__TASK STATEMENT__. Print the lines in the listing below starting at the line with "パッケージ内容:Soundcore Liberty Air" and ending at the line with "Погрузка боезапаса на", both included. Reproduce them exactly and omit every picture.

__INFORMATION GIVEN__.
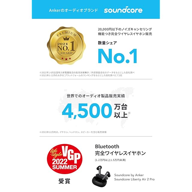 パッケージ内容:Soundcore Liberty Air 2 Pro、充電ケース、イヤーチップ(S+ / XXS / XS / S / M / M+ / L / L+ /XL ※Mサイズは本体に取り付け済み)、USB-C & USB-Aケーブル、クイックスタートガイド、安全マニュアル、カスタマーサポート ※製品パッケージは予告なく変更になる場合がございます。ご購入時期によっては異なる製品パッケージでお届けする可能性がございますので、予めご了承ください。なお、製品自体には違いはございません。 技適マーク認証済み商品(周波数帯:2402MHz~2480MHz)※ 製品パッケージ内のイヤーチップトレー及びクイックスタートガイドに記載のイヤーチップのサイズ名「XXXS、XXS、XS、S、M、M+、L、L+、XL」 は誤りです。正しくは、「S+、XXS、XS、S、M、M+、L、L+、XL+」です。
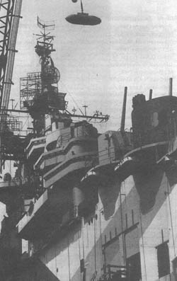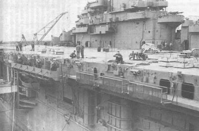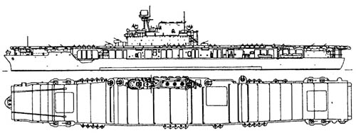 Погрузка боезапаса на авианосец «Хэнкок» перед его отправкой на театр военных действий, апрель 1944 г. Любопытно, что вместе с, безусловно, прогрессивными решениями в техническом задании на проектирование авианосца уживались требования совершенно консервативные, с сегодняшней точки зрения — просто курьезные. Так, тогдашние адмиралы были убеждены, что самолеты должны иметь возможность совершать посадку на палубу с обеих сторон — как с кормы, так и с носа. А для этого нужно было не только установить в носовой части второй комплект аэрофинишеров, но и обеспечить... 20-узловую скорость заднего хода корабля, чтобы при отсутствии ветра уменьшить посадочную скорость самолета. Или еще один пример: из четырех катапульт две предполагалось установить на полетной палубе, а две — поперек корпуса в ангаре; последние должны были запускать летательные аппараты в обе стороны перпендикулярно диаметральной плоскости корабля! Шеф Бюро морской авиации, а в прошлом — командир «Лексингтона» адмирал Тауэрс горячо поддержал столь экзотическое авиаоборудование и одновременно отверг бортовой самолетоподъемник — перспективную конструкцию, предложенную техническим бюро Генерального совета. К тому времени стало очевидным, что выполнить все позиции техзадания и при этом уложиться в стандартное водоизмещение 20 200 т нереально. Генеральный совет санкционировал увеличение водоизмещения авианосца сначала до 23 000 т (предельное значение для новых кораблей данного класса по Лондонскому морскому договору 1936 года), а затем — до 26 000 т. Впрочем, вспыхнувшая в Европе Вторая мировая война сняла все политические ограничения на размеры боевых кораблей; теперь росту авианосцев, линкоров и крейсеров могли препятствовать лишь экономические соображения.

==

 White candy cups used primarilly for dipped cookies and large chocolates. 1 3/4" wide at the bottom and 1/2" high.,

__SOLUTION__.
 パッケージ内容:Soundcore Liberty Air 2 Pro、充電ケース、イヤーチップ(S+ / XXS / XS / S / M / M+ / L / L+ /XL ※Mサイズは本体に取り付け済み)、USB-C & USB-Aケーブル、クイックスタートガイド、安全マニュアル、カスタマーサポート ※製品パッケージは予告なく変更になる場合がございます。ご購入時期によっては異なる製品パッケージでお届けする可能性がございますので、予めご了承ください。なお、製品自体には違いはございません。 技適マーク認証済み商品(周波数帯:2402MHz~2480MHz)※ 製品パッケージ内のイヤーチップトレー及びクイックスタートガイドに記載のイヤーチップのサイズ名「XXXS、XXS、XS、S、M、M+、L、L+、XL」 は誤りです。正しくは、「S+、XXS、XS、S、M、M+、L、L+、XL+」です。
 Погрузка боезапаса на авианосец «Хэнкок» перед его отправкой на театр военных действий, апрель 1944 г. Любопытно, что вместе с, безусловно, прогрессивными решениями в техническом задании на проектирование авианосца уживались требования совершенно консервативные, с сегодняшней точки зрения — просто курьезные. Так, тогдашние адмиралы были убеждены, что самолеты должны иметь возможность совершать посадку на палубу с обеих сторон — как с кормы, так и с носа. А для этого нужно было не только установить в носовой части второй комплект аэрофинишеров, но и обеспечить... 20-узловую скорость заднего хода корабля, чтобы при отсутствии ветра уменьшить посадочную скорость самолета. Или еще один пример: из четырех катапульт две предполагалось установить на полетной палубе, а две — поперек корпуса в ангаре; последние должны были запускать летательные аппараты в обе стороны перпендикулярно диаметральной плоскости корабля! Шеф Бюро морской авиации, а в прошлом — командир «Лексингтона» адмирал Тауэрс горячо поддержал столь экзотическое авиаоборудование и одновременно отверг бортовой самолетоподъемник — перспективную конструкцию, предложенную техническим бюро Генерального совета. К тому времени стало очевидным, что выполнить все позиции техзадания и при этом уложиться в стандартное водоизмещение 20 200 т нереально. Генеральный совет санкционировал увеличение водоизмещения авианосца сначала до 23 000 т (предельное значение для новых кораблей данного класса по Лондонскому морскому договору 1936 года), а затем — до 26 000 т. Впрочем, вспыхнувшая в Европе Вторая мировая война сняла все политические ограничения на размеры боевых кораблей; теперь росту авианосцев, линкоров и крейсеров могли препятствовать лишь экономические соображения.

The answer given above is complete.